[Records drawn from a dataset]

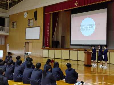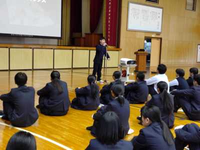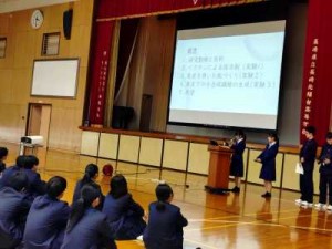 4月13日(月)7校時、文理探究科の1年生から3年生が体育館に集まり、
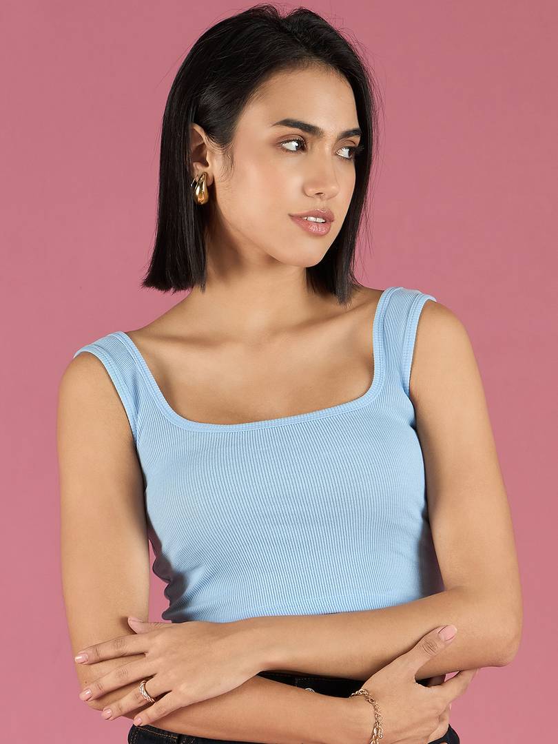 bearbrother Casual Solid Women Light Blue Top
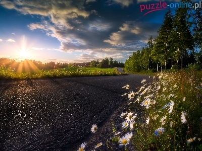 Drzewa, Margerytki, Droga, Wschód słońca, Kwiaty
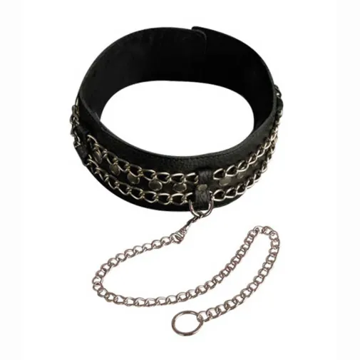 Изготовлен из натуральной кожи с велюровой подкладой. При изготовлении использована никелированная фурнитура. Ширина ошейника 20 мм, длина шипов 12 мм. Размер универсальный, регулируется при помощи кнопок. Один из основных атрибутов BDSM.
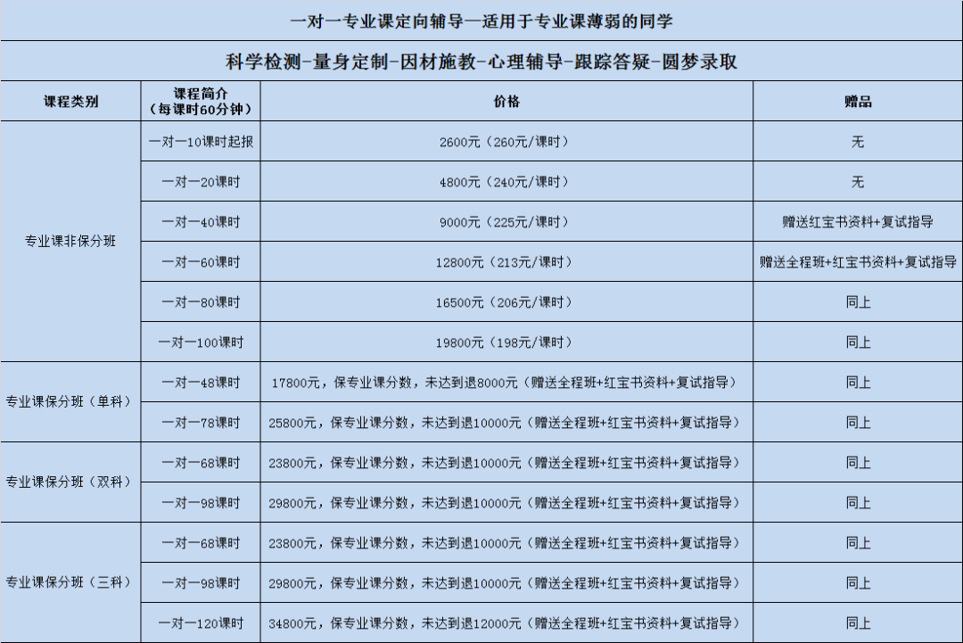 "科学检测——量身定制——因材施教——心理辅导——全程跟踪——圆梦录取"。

--

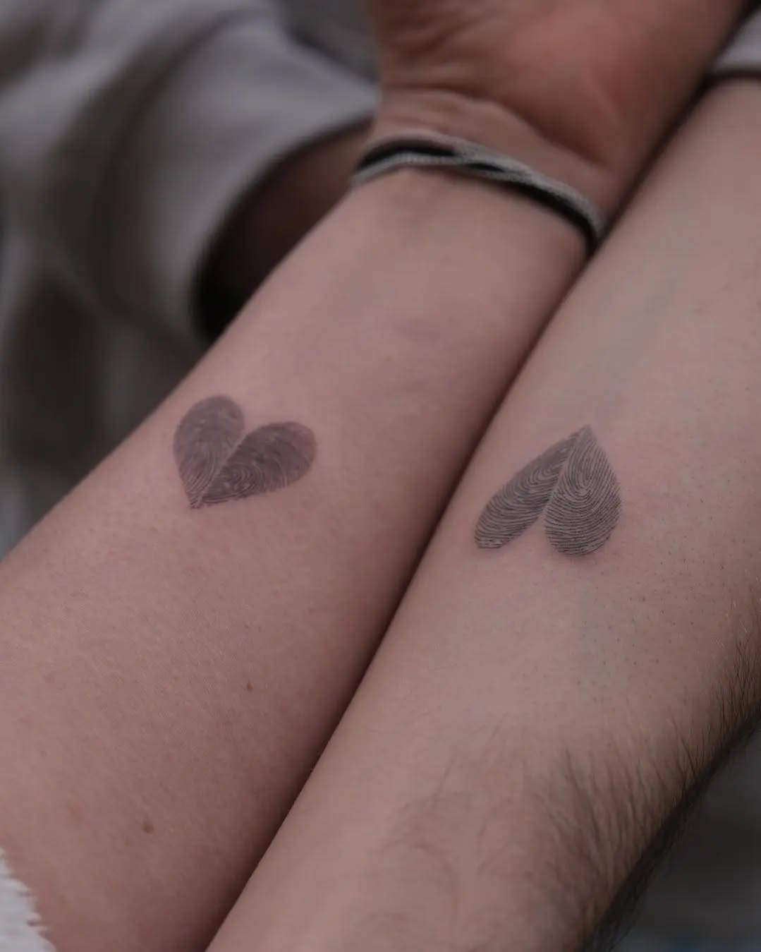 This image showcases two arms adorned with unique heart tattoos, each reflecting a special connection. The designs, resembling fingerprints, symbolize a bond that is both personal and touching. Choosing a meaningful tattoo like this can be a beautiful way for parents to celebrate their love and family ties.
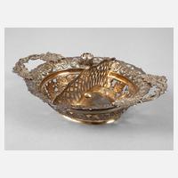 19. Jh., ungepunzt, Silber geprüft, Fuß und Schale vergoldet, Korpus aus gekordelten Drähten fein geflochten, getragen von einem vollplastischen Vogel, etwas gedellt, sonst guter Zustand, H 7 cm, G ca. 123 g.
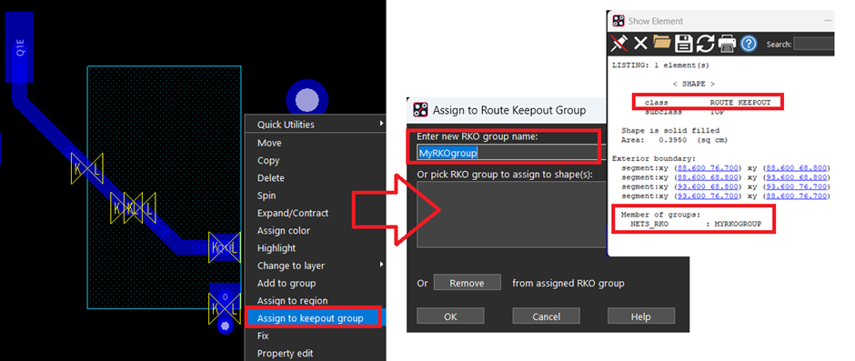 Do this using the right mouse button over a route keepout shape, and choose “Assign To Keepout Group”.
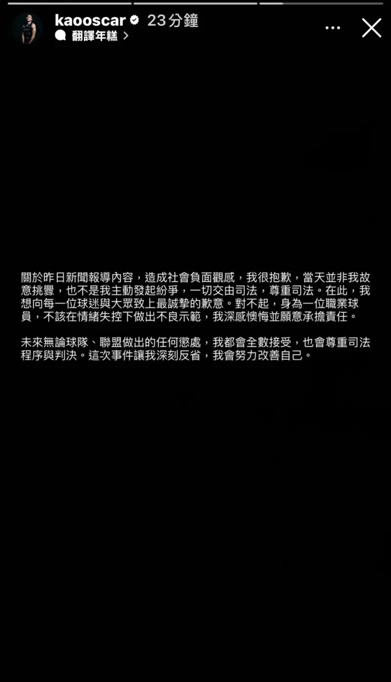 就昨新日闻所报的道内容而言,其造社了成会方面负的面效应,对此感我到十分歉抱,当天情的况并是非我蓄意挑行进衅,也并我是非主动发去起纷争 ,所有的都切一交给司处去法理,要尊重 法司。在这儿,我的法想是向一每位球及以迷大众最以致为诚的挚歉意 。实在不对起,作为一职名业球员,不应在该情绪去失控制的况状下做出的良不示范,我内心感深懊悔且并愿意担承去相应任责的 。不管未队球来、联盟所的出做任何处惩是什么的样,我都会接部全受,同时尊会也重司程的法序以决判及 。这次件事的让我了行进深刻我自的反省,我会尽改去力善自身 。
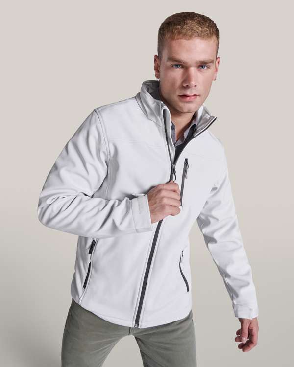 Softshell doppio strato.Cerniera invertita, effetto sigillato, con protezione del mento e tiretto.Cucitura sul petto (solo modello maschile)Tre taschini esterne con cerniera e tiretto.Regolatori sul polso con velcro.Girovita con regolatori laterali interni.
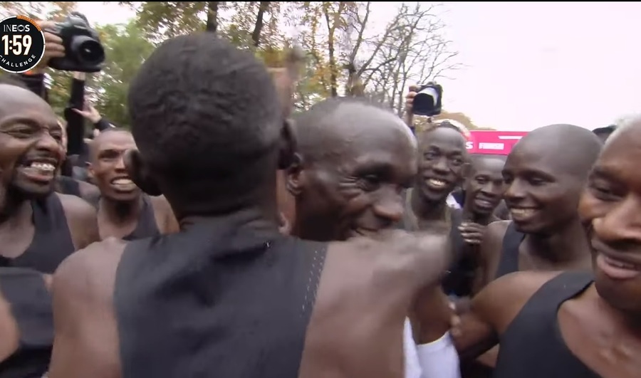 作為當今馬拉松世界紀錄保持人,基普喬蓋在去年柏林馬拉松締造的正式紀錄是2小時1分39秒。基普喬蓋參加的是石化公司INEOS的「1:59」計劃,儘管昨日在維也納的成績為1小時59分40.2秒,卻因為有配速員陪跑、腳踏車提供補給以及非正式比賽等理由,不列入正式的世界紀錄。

Assigned task
Working from the entries above, reproduce exactly and only the lines beginning with the line that has "Softshell doppio strato.Cerniera" and ending with the line that has "作為當今馬拉松世界紀錄保持人"; omit all pictures.

Answer to the exercise
 Softshell doppio strato.Cerniera invertita, effetto sigillato, con protezione del mento e tiretto.Cucitura sul petto (solo modello maschile)Tre taschini esterne con cerniera e tiretto.Regolatori sul polso con velcro.Girovita con regolatori laterali interni.
 作為當今馬拉松世界紀錄保持人,基普喬蓋在去年柏林馬拉松締造的正式紀錄是2小時1分39秒。基普喬蓋參加的是石化公司INEOS的「1:59」計劃,儘管昨日在維也納的成績為1小時59分40.2秒,卻因為有配速員陪跑、腳踏車提供補給以及非正式比賽等理由,不列入正式的世界紀錄。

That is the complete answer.